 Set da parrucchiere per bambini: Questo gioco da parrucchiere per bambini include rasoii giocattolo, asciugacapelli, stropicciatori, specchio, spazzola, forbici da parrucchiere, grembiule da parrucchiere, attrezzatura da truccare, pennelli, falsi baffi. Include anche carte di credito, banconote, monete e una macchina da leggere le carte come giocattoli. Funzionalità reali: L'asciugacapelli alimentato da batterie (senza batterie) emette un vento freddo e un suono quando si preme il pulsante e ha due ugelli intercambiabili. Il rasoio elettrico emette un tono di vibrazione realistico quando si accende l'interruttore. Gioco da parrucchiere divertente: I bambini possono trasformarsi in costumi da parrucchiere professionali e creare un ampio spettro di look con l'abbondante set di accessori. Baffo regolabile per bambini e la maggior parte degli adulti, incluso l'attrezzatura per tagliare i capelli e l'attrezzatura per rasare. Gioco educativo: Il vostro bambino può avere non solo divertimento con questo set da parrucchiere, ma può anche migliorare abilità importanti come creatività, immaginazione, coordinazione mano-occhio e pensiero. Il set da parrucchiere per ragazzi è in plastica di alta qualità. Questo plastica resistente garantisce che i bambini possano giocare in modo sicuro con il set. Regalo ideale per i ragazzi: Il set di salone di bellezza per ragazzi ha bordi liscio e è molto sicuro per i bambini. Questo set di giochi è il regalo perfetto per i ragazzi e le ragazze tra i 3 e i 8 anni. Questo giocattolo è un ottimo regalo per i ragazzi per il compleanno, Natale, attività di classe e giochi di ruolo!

---

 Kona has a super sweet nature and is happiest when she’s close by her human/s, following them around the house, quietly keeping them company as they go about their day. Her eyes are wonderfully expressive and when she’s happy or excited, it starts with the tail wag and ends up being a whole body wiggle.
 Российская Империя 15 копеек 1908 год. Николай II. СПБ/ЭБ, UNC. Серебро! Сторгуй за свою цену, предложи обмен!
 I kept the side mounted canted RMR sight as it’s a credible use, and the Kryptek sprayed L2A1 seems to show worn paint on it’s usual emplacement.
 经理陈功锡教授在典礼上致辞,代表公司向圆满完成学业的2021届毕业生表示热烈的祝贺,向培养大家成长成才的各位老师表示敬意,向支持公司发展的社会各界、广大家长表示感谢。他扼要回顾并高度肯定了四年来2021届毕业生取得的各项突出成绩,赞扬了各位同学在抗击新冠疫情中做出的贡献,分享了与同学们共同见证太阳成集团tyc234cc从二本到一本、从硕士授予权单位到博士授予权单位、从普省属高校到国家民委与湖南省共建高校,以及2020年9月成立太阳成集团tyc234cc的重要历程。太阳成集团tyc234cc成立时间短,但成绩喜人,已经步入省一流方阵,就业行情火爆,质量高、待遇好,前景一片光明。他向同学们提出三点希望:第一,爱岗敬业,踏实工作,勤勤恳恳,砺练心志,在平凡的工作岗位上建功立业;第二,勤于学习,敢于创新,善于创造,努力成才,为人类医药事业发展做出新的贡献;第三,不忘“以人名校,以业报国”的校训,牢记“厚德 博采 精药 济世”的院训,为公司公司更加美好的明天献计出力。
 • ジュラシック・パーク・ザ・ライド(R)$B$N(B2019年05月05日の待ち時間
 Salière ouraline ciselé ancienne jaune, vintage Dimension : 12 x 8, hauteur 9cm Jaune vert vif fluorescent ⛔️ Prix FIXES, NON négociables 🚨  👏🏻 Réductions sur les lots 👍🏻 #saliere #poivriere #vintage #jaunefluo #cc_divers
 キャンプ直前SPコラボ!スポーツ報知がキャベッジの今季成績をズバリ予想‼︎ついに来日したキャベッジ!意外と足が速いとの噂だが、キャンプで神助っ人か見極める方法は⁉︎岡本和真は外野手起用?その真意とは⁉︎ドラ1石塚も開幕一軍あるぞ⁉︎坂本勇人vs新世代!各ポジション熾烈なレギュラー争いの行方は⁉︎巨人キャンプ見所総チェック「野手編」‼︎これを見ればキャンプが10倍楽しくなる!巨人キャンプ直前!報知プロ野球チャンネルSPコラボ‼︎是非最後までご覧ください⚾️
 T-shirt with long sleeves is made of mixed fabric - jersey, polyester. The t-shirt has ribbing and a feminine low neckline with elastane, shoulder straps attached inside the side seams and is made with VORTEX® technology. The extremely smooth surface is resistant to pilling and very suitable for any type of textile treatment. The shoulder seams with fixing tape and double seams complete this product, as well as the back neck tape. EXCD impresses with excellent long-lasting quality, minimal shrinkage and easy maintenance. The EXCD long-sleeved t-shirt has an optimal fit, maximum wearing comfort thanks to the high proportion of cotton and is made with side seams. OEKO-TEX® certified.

--

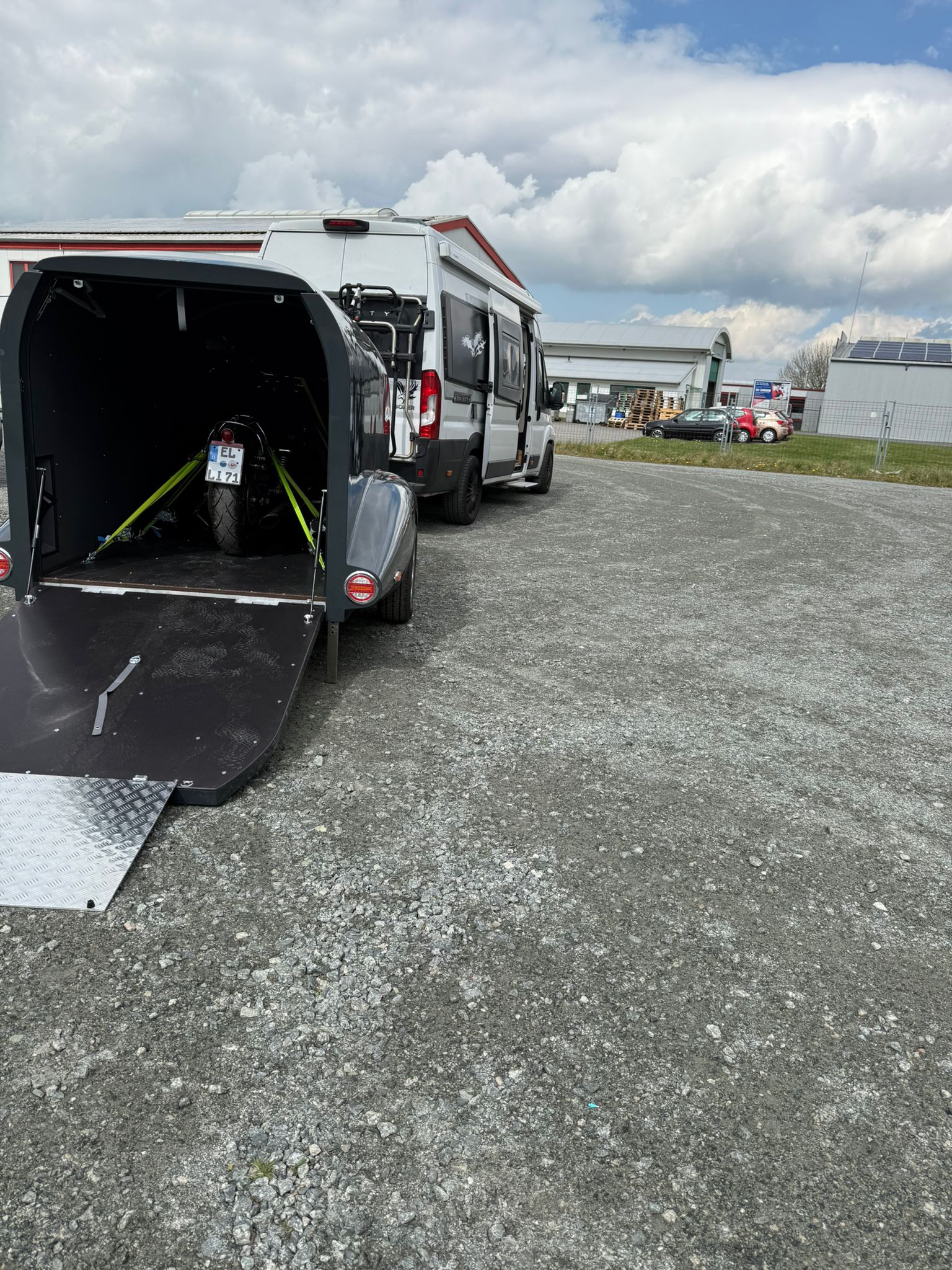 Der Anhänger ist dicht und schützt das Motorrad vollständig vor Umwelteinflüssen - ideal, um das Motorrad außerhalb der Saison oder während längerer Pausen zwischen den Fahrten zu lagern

■ **PROBLEM**: Your task is to copy every line in the entries that holds the string "side".

■ **EXPECTED ANSWER**:
 I kept the side mounted canted RMR sight as it’s a credible use, and the Kryptek sprayed L2A1 seems to show worn paint on it’s usual emplacement.
 T-shirt with long sleeves is made of mixed fabric - jersey, polyester. The t-shirt has ribbing and a feminine low neckline with elastane, shoulder straps attached inside the side seams and is made with VORTEX® technology. The extremely smooth surface is resistant to pilling and very suitable for any type of textile treatment. The shoulder seams with fixing tape and double seams complete this product, as well as the back neck tape. EXCD impresses with excellent long-lasting quality, minimal shrinkage and easy maintenance. The EXCD long-sleeved t-shirt has an optimal fit, maximum wearing comfort thanks to the high proportion of cotton and is made with side seams. OEKO-TEX® certified.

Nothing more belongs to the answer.